Dynasty artifact, state-run media reported yesterday. The facility, built in Hebei Province at a cost of 540 million yuan (US$88 million), has “no qualification to be a museum as its collections are fake,” a local official told the Global Times newspaper. It had been closed, the paper said, while its founders have been placed “under investigation” after local residents accused them of wasting village money. Several items were supposedly signed by the Yellow Emperor in the 27th century BC, but the signatures used the simplified Chinese characters brought in after 1949.

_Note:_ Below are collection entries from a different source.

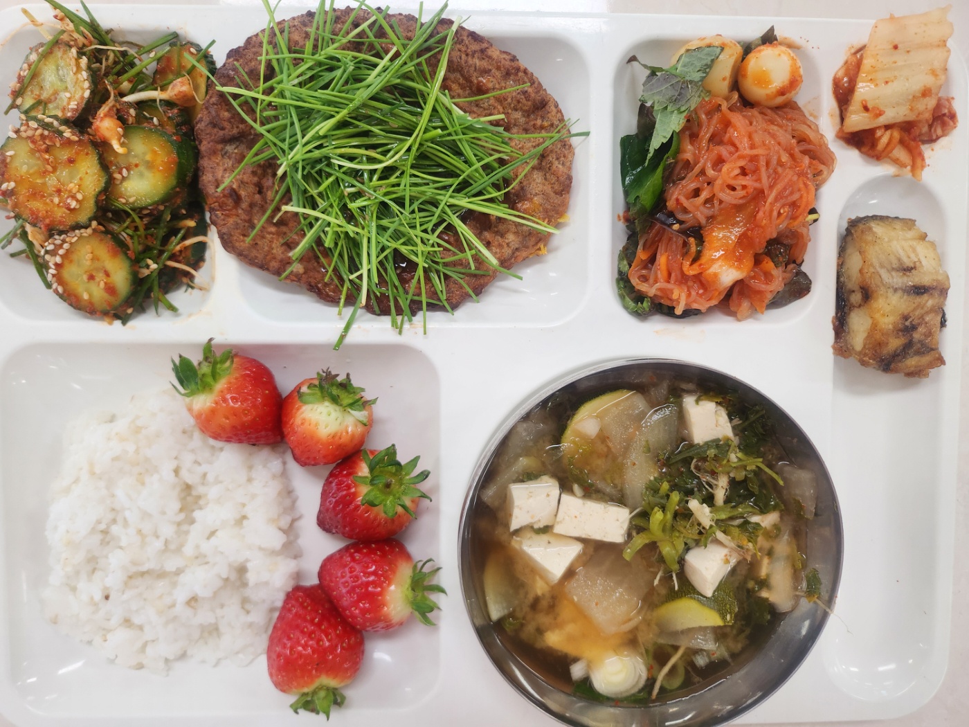 현미밥 냉이된장국1(5.6.8.9.18) 실곤약메추리알무침(1.5.6.13) 달래오이무침(13) 치즈품은언양식납작불고기+파채무침(2.5.6.16) *임연수어구이1자율(5.6) 배추김치(완제)(9) 딸기
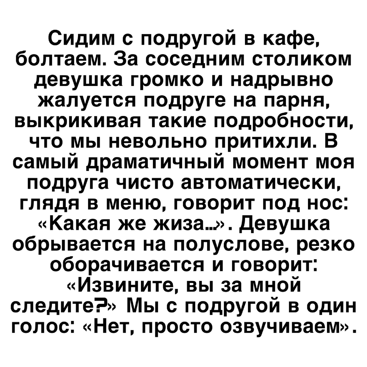 Сидим с подругой в кафе, болтаем. За соседним столиком девушка громко и надрывно жалуется подруге на парня, выкрикивая такие подробности, что мы невольно притихли. В самый драматичный момент моя подруга чисто автоматически, глядя в меню, говорит под нос: «Какая же жиза…». Девушка обрывается на полуслове, резко оборачивается и говорит: «Извините, вы за мной следите?» Мы с подругой в один голос: «Нет, просто озвучиваем».
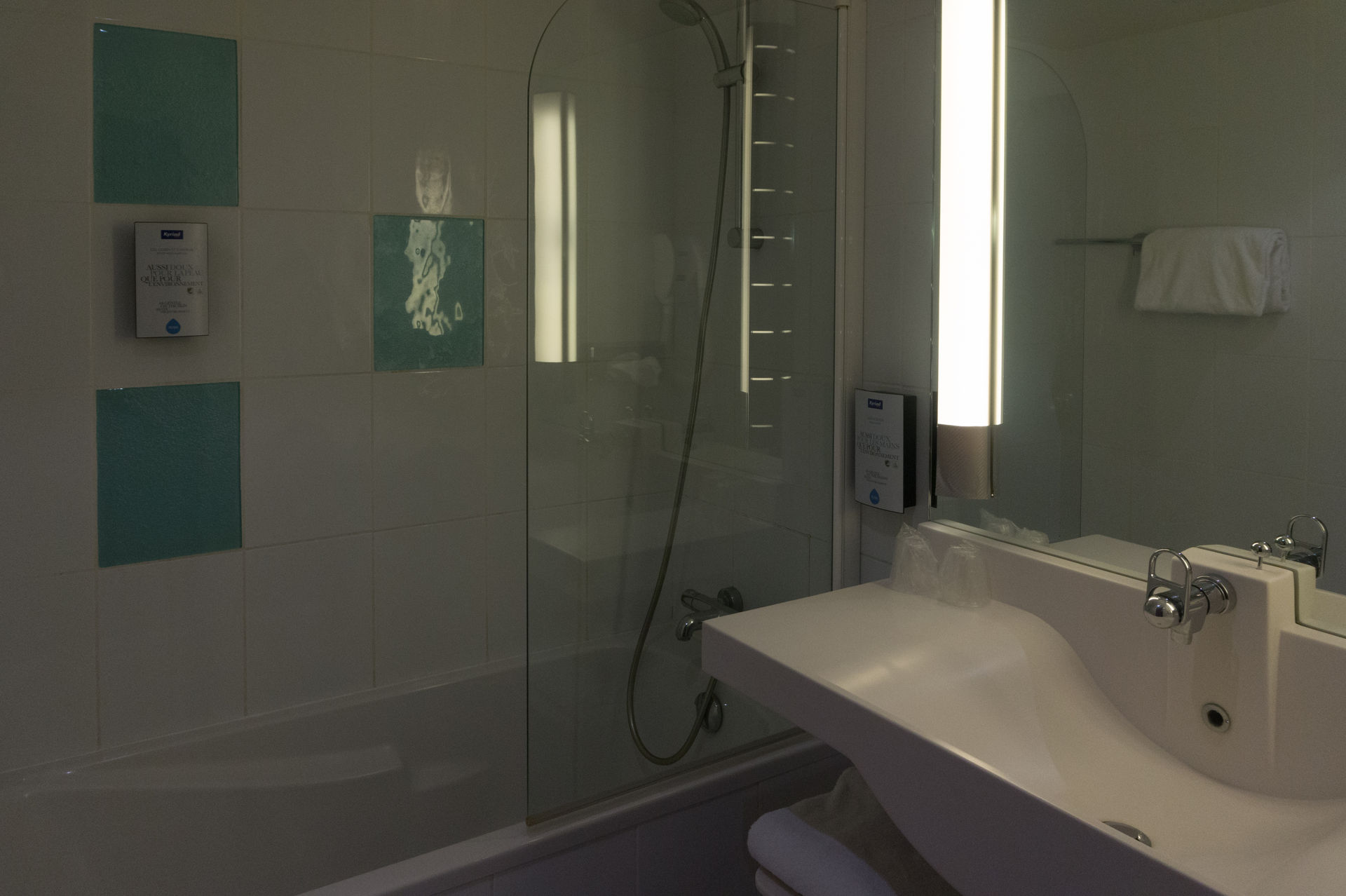 Auch am zweiten Abend der Achterbahnreise zog es mich in ein Kyriad Hotel. Dieses Mal jedoch bei Le Creusot. Nachdem ich Ewigkeiten an der Rezeption warten durfte – da es wohl niemand für nötig hielt eine stetig besetzte Rezeption auch mal zu besetzen – konnte ich endlich auf mein Zimmer. Im Vergleich zum Vorabend war das Zimmer riesig und glich denen eines typischen 4* Hotels. Auch das Bad konnte sich sehen lassen.

Spain apologizes over delay

Spain apologized on Monday for its part in the events that led President Evo Morales’ plane to be delayed earlier this month during an international search for US fugitive Edward Snowden. The government has accused Spain, France, Portugal and Italy of closing their skies to Morales’ plane, which was searched at the airport in Vienna on July 3, after being told it was carrying Snowden from Moscow. “We recognize publicly that perhaps the procedures used in the Vienna airport by our representative were not the most effective,” Spanish Ambassador to Bolivia Angel Vasquez, told journalists after dropping the letter off at the Foreign Ministry in La Paz. “We regret this fact ... the procedure was not appropriate and bothered the president, putting him in a difficult situation.”


Predator sweep nabs 255

Authorities in nine countries, including the US, have arrested 255 alleged child predators in an operation led by Immigration and Customs Enforcement (ICE) agency that illustrated a growing trend called “sextortion” in which children are blackmailed into providing pornographic images of themselves, officials said on Monday. The month-long Operation iGuardian last month was part of a larger effort to identify and rescue victims of online sexual exploitation and arrest their abusers as well as others who own, trade and produce images of child pornography, officials said. “In many instances, the abusers take advantage of a sexual image the child divulges in a chat room or over a text to force the child to continue to produce darker and more pornographic images on threat of broader disclosures of the images over the Internet,” ICE Director John Morton said.


T rex hunted live prey

The fearsome bite of a hungry Tyrannosaurus rex left behind new evidence that the famous beast hunted for food and was not just a scavenger. Researchers found a part of a T rex tooth wedged between two tailbones of a duckbill dinosaur unearthed in northwestern South Dakota. The tooth was partially enclosed by regrown bone, indicating the smaller duckbill had escaped from the T rex and lived for months or years afterward. The fossil provides definitive evidence that T rex hunted live animals, researchers say in Monday’s issue of the Proceedings of the National Academy of Sciences. The fossil, from about 67 million years ago, indicates the T rex bit the duckbill from behind and “intended to take it for a meal,” said David Burnham of the University of Kansas, an author of the report. Jack Horner of Montana State University said T rex apparently preyed on the weak, the sick and the young.


Weiner leads NYC race

Former Democratic representative Anthony Weiner has edged ahead in the race for the party’s nomination for New York’s mayoral election, a poll showed on Monday. Weiner, who quit Congress in 2011 after it emerged he had exchanged sexually explicit messages and photographs with various women on Twitter, now leads New York City Council Speaker Christine Quinn. The Quinnipiac University poll showed Weiner has opened up a three-point advantage over his rival, leading by 25 percent to 22 percent. Former New York governor Eliot Spitzer — whose stellar political career went up in flames after a sex scandal —is currently the front-runner for the city’s financial controller, according to Quinnipiac, leading rival Scott Stringer with 48 percent to 33 percent.